One of the most common applications for laparoscopic surgery is prophylactic gastropexy, to prevent gastric dilatation and volvulus (GDV). This life-threatening disease occurs when the stomach flips and twists in the abdomen and distends with air. This problem is most common in large breed, deep-chested dogs. Emergency surgery is performed to de-rotate the stomach and suture it to the abdominal wall (gastropexy), preventing it from flipping again. In dogs with this problem, this is a life saving surgical procedure. Prophylactic gastropexy ensures the problem will not occur. The procedure presents minimal discomfort to your pet.

Ovariectomy is becoming an increasingly popular MIS option, replacing traditional “spay” procedures. The procedure is quick and results in less pain and discomfort to your pet than does the traditional invasive procedure.

Biopsy of the liver and other abdominal organs are other common indications for laparoscopy.

What is Thoracoscopy?

Thoracosopy is minimally invasive surgery of the thoracic cavity (chest). This can be very advantageous in the diagnosis and treatment of diseases with greatly reduced pain, discomfort and recovery time. Similar to laparoscopy, small incisions are made into the thorax and are used as ports for cameras and instruments for visualization, diagnosis and treatment.

When is Thoracoscopy Considered as an Option?

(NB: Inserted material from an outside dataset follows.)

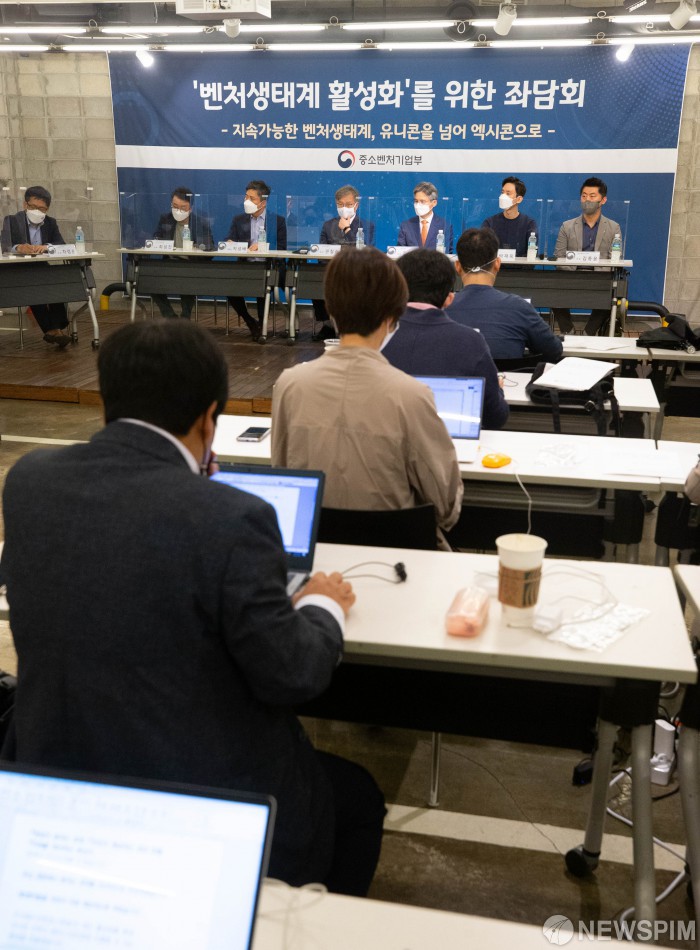 [서울=뉴스핌] 윤창빈 기자 = 권칠승 중소벤처기업부 장관이 27일 오전 서울 강남구 마루180에서 열린 ‘벤처생태계 활성화를 위한 좌담회’에서 모두발언을 하고 있다. 2021.05.27 pangbin@newspim.com

The most common indications for thoracoscopy are for the diagnosis and treatment of pericardial diseases and tumors. Pericardial effusion (fluid in the membrane around the heart) results in compression of the heart and eventual heart failure. This is commonly caused by tumors of the heart and by pericardial effusion with no known cause. Removal of the pericardium has been the classic treatment of this disease; but with thoracosopy we are able to make a small window in the pericardium to allow the fluid to escape and decompress the heart with less discomfort to your pet, rather than cutting the sternum to access the heart.

Other applications for thoracoscopy are the diagnosis of various cancerous diseases of the thorax including lung tumors, mesothelioma, thymoma and ectopic thyroid tumors. In some cases, these tumors can also be treated with thoracoscopy.

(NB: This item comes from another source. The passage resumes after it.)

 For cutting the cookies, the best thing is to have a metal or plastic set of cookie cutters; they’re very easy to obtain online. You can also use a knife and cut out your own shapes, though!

Is Surgery Performed the Day of My First Appointment?

No. Your pet must be evaluated before surgery. This entails MedVet taking a complete medical history, physical examination, and detailed discussion of the recommended procedure. Preoperative bloodwork may also be performed depending on your dog’s age and health.

How Long Will My Pet Be Hospitalized After Surgery?

Patients generally go home the day following surgery.

What is the Aftercare like Following Surgery?

Aftercare for your pet is dependent on the procedure performed, but in general consists of between two and four weeks of activity restriction. This means leash-based activities only, with no running, jumping, playing or stair climbing. When your pet is not supervised, he/she should be confined to a cage, crate or small room. Detailed instructions will be discussed with you at the time of your pet’s discharge from MedVet.

Do I have to Bring My Dog Back to MedVet for a Check up?

Yes, routine follow up exams are advised so that we can be sure recovery is progressing along as expected.

MedVet’s Surgery Department is uniquely qualified to perform all of these advanced procedures. Our specialists have received focused training in minimally invasive techniques and have performed hundreds of these procedures with successful results. All procedures include the administration of anesthesia by the most highly trained technical staff who are under the supervision of a board certified veterinary anesthesiologist using the best monitoring equipment to ensure your pet’s optimal safety and comfortable recovery.